Saturday, November 04, 2006

St. Petersburg: The State Hermitage Museum

Heidi is on her way to Russia right now, or at least really soon, and I am sitting here at her desk being very jealous. She gets to visit St. Petersburg, and the Hermitage, where Sokurov made my favorite film of all time, Russian Ark. The films spirals through Russian history as though through a dream, never stopping, never staying in one place. The camera work itself is a feat: the film was shot in one take, with a steadycam, a cast of hundreds, the entire Hermitage as the set, and three live orchestras. Particularly affecting are the depictions of Catherine the Great as an aging queen, still spry enough to take a run through her snow-covered gardens with a courtier supporting her, and the scene from the Second World War, with all the frames empty and on the floor, the great rooms dark and bare.

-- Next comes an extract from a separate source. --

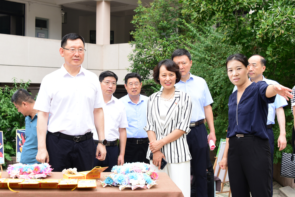 会前,与会领导嘉宾集体参观了学校水生态安全与环境工程学院研发实验室、捕获与催化转化研究实验室、化学化工与环境工程学院实训室、美术学院学生作品展、山东省“多光子纠缠与操纵”高校重点实验室等。

The Director of the Hermitage ordered everything packed up during World War II and shipped off to safety. The frames remained, however, as a sign to the Germans that Russia would be back to display the glory of its gallery once again. Debra Dean chronicles this devastating time in Russian history in her novel The Madonnas of Leningrad. In the book, Marina, a young docent at the Hermitage, helps to pack the paintings and other pieces away; at the same time, she takes daily walks through the empty rooms, remembering by sheer force of will the pictures that once hung on the walls. She is drawn to the Madonnas in particular; I, on the other hand, wish I could see in person Fragonard's The Stolen Kiss, or any of the Poussin paintings they hold. More than that, I simply wish I sould walk those halls and see the mouldings, the staircases, the gardens.

I'll most likely never make it to Russia, and that saddens me to no end.